Why Virtualisation? The Problem Statement
Before virtualisation, a physical server ran one operating system. If you needed five services, you provisioned five servers — each running at 5–15% CPU utilisation. Capital expenditure was wasted on idle hardware, deployment was slow (weeks to provision physical machines), and software environments were brittle (“works on my machine”).
Virtualisation solves all three problems simultaneously:
- Consolidation: Run 20–100 VMs per physical host, raising utilisation to 60–80%.
- Isolation: A bug or security compromise in one VM cannot directly affect another — each has its own kernel, memory space, and virtual hardware.
- Reproducibility: A VM image is an exact, versioned snapshot of an entire OS + software stack. Deploy the same image anywhere.
The fundamental challenge: how do you run an operating system — which expects exclusive control of hardware — as a user-space application on another operating system?
Full Virtualisation: Hypervisor Types
A hypervisor (Virtual Machine Monitor, VMM) is the software layer that multiplexes physical hardware across multiple virtual machines.
Type 1 Hypervisor (Bare-Metal)
A Type 1 hypervisor runs directly on the hardware. There is no host OS; the hypervisor is the OS for the purpose of resource management.
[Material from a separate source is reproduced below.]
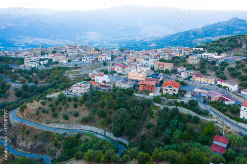 Piccolo paese Careri in Calabria, vista aerea.
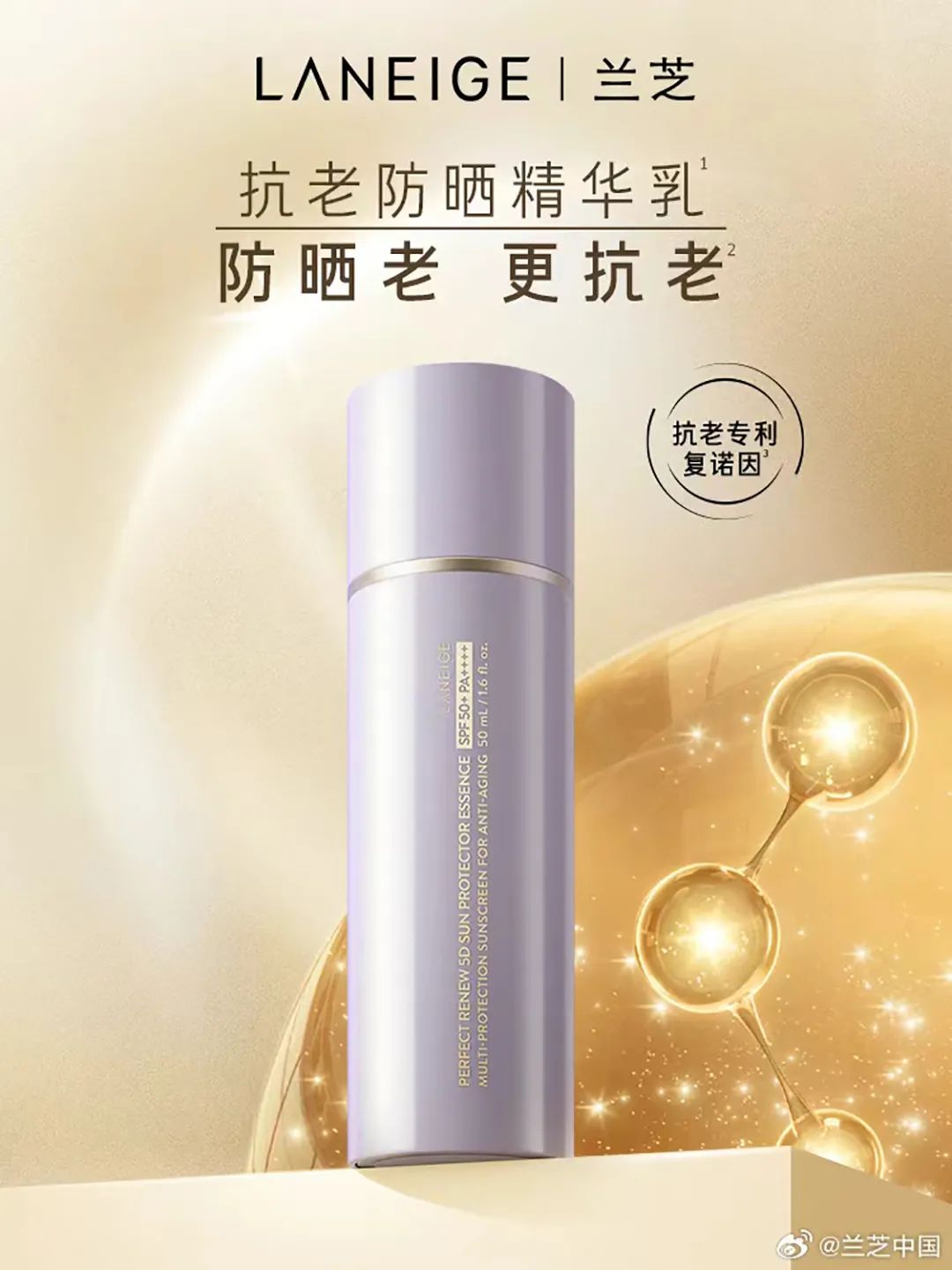 兰芝致美紧颜焕采五重防晒乳,5大抗老成分加持。添加独家抗老专利成分“复诺因”、修护肽以及3大肽等5大抗老成分。据了解,“复诺因”可以调节PDK1,从而调节皮肤角蛋白健康循环,在增加年轻细胞数量的同时,促成胶原纤维的增加。

┌──────────────┐ ┌──────────────┐ ┌──────────────┐
│ VM 1 │ │ VM 2 │ │ VM 3 │
│ (Guest OS + │ │ (Guest OS + │ │ (Guest OS + │
│ Workload) │ │ Workload) │ │ Workload) │
└──────┬───────┘ └──────┬───────┘ └──────┬───────┘
│ │ │
┌──────┴────────────────┴────────────────┴─────────┐
│ Type 1 Hypervisor │
│ (VMware ESXi / KVM / Hyper-V) │
└───────────────────────────────────────────────────┘
│ Physical Hardware │
└───────────────────────────────────────────────────┘
VMware ESXi: Proprietary, widely used in enterprise data centres. Mature live migration (vMotion), storage virtualisation, and management tools.
KVM (Kernel-based Virtual Machine): A Linux kernel module that turns Linux itself into a Type 1 hypervisor. KVM exposes /dev/kvm — a file descriptor interface for creating and managing VMs. KVM handles CPU and memory virtualisation via Intel VT-x / AMD-V; QEMU provides I/O emulation. AWS EC2, Google Compute Engine, and OpenStack all run on KVM.
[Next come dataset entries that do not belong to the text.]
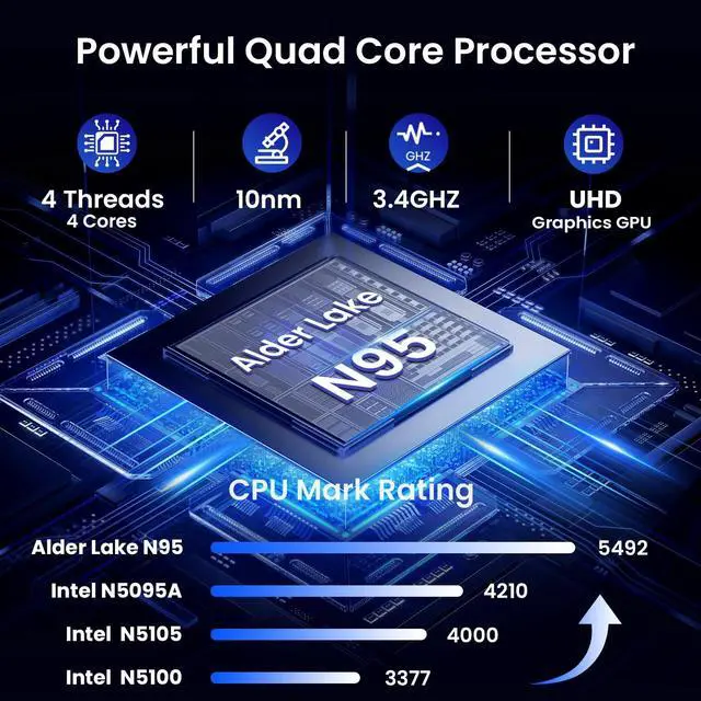 Powerful Performance: Laptop computer powered by an Celeron N95 processor(up to 3.4GH z), efficient office work, ensuring smooth performance for everyday tasks. It also features a bottom mounted fan for efficient cooling during extended use ^^
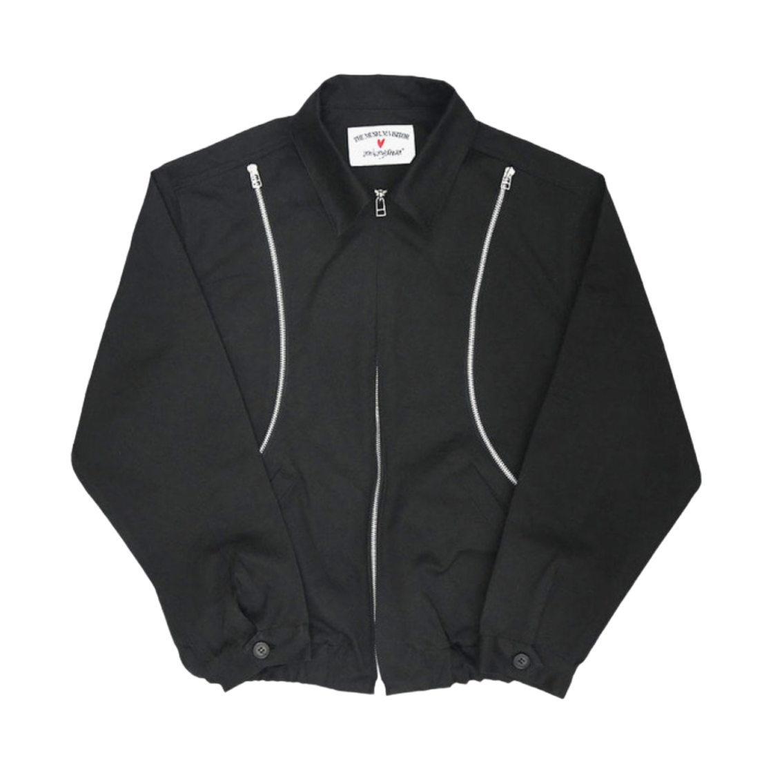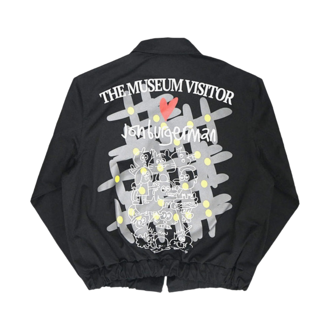 The Museum Visitor x Jon Burgerman We Are Buddy Flower Printed Curved Zipper Blouson Black
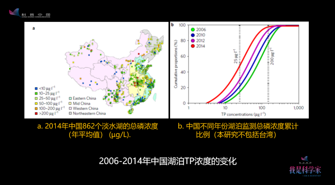 這個(gè)中國(guó)地圖表明我們有很多的污染物沒有處理好,就會(huì)進(jìn)入到湖泊里面。這個(gè)地方講的是磷會(huì)到我們的湖泊里。如果沒有處理好,氮也會(huì)到湖泊里去,也會(huì)到各種水體里去。

Hyper-V: Microsoft’s hypervisor, integral to Windows Server. Used for Azure VMs.
Type 2 Hypervisor (Hosted)
A Type 2 hypervisor runs as a process inside a host OS. The host OS manages hardware; the hypervisor multiplexes CPU time within that process.
┌──────────────┐ ┌──────────────┐
│ VM 1 │ │ VM 2 │
│ (Guest OS) │ │ (Guest OS) │
└──────┬───────┘ └──────┬───────┘
│ │
┌──────┴────────────────┴────────┐
│ Type 2 Hypervisor Process │
│ (VirtualBox / Parallels) │
└────────────────┬───────────────┘
┌───────────────────────────────┐
│ Host OS │
│ (macOS / Windows) │
└───────────────────────────────┘
│ Physical Hardware │
└───────────────────────────────┘
Type 2 hypervisors have higher overhead (host OS scheduling adds jitter) but are convenient for developer workstations. Parallels Desktop and VMware Fusion on macOS are Type 2; they leverage Apple Hypervisor.framework for hardware-assisted execution.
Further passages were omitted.